Avoid Financial Account Phone Scams
The Michigan Department of Insurance and Financial Services (DIFS) is alerting consumers to an increasingly common scam in which victims receive a phone call or text from someone claiming to be from their financial institution in an attempt to gain access to financial accounts to steal funds.
In this scam, the victim receives a phone call or text message that appears to be from the financial institution's legitimate phone number with a technique known as "spoofing." In the call or text, the scammer lies to the victim about an issue with their account, such as an unauthorized purchase or overdraft, and then assures the victim that they can resolve the issue during that call or texting session. The scammer asks the victim to verify account credentials or personal information and then uses that information to log in and initiate transfers and transactions to steal money from the victim's account.

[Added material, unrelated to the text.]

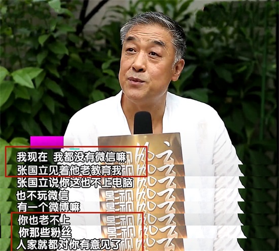 张国立见到他就批评他:“你不玩电脑也不玩手机,就一个社交账号你还老不上,你的粉丝都对你有意见了。”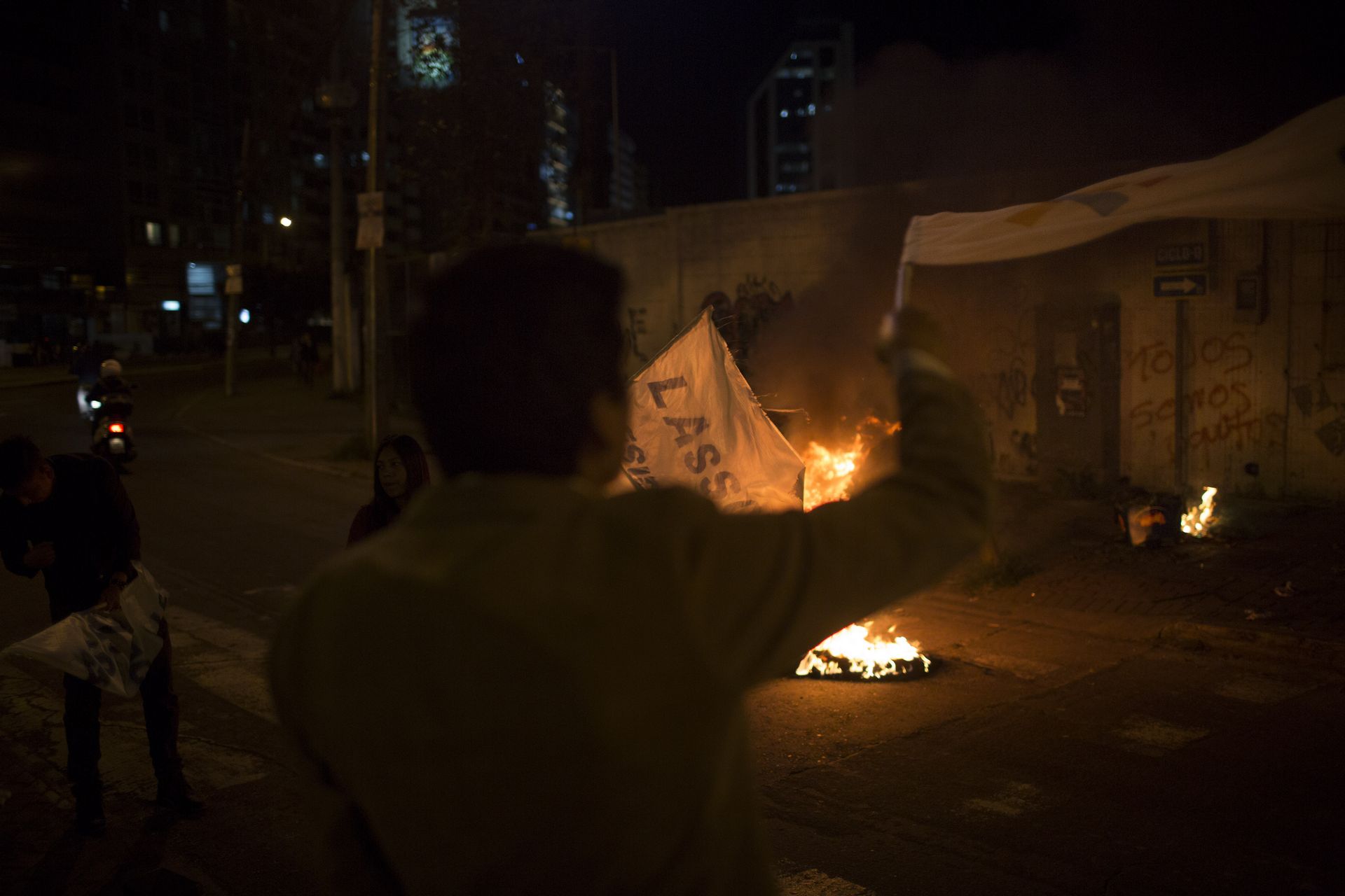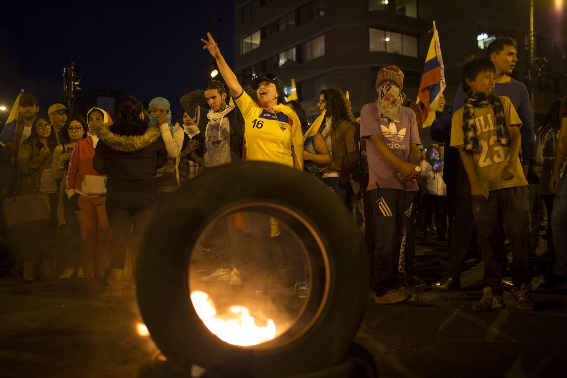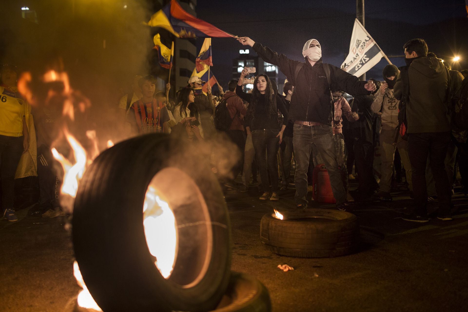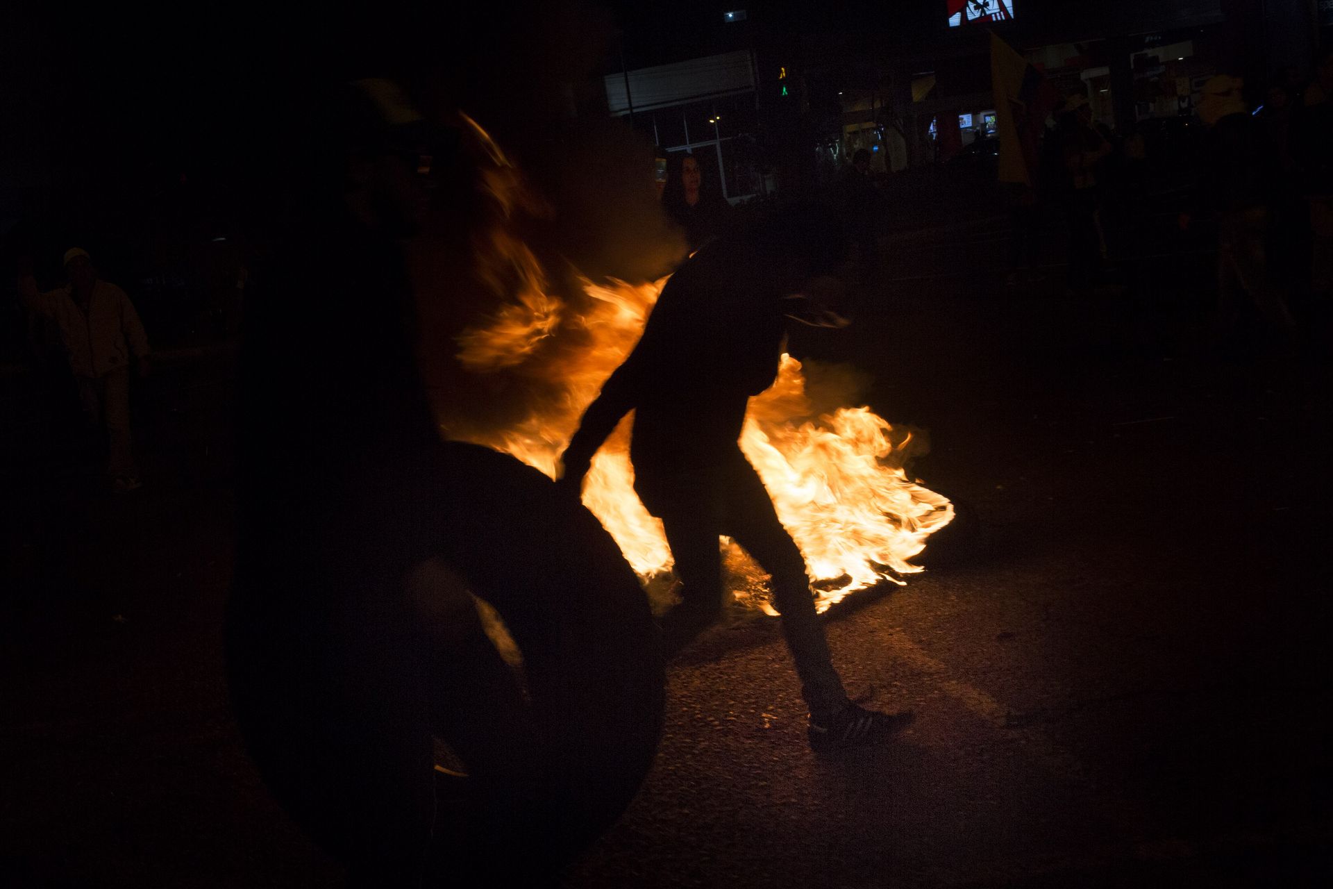 Para las nueve de la noche, transitar por los alrededores del parque La Carolina era imposible. Fogatas en cada esquina, consignas a favor del reconteo y en contra del oficialismo, policías que en moto recorrían la zona. Esa noche, mientras Quito ardía, en Guayaquil, Santo Domingo, Loja y otras provincias, más ciudadanos se movilizaban, no estaban –ni están– de acuerdo con los resultados. Correa se dedicaba a tuitear.

Under no circumstances should consumers provide a person calling them with information about their financial accounts. Here are the most important steps that consumers can take to avoid falling prey to these scams:
- NEVER give personal or account information to anyone calling YOU, even if the caller says that it is for "verification purposes." Personal information or identity verifying information should be provided only to organizations or companies that you have called or initiated contact with.
- If the person contacting you says that there is a problem that must be resolved immediately, hang up and call the phone number that you know will get you to someone who can be trusted with personal or account information. This could be the phone number on your debit or credit card, account statement, or on mailed correspondence from the company. Do not call phone numbers provided in text messages or voicemails by the person contacting you.
- Use multifactor authentication measures in addition to a password to log into accounts, such as a security code sent via text message or email. Do NOT provide this security code to anyone under any circumstances. Other multifactor authentication measures can include a scan of your fingerprint, retina, or face on a mobile device, or a passcode via an authentication app.
Individuals who believe they are a victim of fraud should first contact their financial institution or the company that the compromised account is with to attempt to resolve the issue.